[EXTRACTED RECORDS — start]

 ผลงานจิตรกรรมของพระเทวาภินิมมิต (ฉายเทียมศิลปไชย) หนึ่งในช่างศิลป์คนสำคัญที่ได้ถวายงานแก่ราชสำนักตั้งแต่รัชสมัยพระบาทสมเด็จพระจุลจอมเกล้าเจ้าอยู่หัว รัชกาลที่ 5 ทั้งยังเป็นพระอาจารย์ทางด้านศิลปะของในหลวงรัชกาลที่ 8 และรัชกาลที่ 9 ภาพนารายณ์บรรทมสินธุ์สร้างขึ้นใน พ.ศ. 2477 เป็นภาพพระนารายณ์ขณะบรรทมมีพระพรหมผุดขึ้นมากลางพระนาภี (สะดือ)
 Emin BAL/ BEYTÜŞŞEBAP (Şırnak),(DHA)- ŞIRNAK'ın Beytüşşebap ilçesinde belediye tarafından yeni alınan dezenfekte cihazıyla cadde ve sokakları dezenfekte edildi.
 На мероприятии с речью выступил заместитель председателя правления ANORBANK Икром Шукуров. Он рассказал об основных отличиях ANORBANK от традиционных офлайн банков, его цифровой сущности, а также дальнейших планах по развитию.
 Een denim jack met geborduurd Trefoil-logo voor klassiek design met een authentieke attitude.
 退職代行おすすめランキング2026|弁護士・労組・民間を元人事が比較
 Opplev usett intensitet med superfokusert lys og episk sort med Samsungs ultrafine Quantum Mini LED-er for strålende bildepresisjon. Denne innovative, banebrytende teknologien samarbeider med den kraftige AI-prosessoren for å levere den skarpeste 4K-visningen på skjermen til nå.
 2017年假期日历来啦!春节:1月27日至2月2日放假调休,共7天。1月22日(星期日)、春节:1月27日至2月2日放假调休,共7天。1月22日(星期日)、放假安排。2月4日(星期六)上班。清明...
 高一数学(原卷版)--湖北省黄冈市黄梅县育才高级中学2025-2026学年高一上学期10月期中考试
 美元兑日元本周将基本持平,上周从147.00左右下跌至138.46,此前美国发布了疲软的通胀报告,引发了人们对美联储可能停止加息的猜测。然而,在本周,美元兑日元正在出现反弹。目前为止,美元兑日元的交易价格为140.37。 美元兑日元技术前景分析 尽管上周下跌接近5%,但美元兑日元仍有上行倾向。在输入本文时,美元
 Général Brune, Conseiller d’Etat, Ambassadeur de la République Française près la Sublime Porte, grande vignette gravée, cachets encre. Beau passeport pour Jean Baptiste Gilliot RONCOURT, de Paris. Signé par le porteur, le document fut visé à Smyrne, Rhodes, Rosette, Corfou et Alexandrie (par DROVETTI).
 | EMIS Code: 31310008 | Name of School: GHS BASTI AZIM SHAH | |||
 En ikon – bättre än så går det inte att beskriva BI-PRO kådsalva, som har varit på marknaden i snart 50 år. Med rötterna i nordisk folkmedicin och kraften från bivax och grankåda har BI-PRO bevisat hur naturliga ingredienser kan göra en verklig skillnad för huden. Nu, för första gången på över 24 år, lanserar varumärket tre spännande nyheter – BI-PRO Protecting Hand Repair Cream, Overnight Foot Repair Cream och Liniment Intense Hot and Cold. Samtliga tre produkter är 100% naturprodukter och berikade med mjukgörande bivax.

[EXTRACTED RECORDS — finish]

** WORK ORDER **
Look back at the data above. Transcribe exactly the lines starting at the line that contains "Opplev usett intensitet" and ending at the line that contains "2017年假期日历来啦!春节".

** EXERCISE SOLUTION **
 Opplev usett intensitet med superfokusert lys og episk sort med Samsungs ultrafine Quantum Mini LED-er for strålende bildepresisjon. Denne innovative, banebrytende teknologien samarbeider med den kraftige AI-prosessoren for å levere den skarpeste 4K-visningen på skjermen til nå.
 2017年假期日历来啦!春节:1月27日至2月2日放假调休,共7天。1月22日(星期日)、春节:1月27日至2月2日放假调休,共7天。1月22日(星期日)、放假安排。2月4日(星期六)上班。清明...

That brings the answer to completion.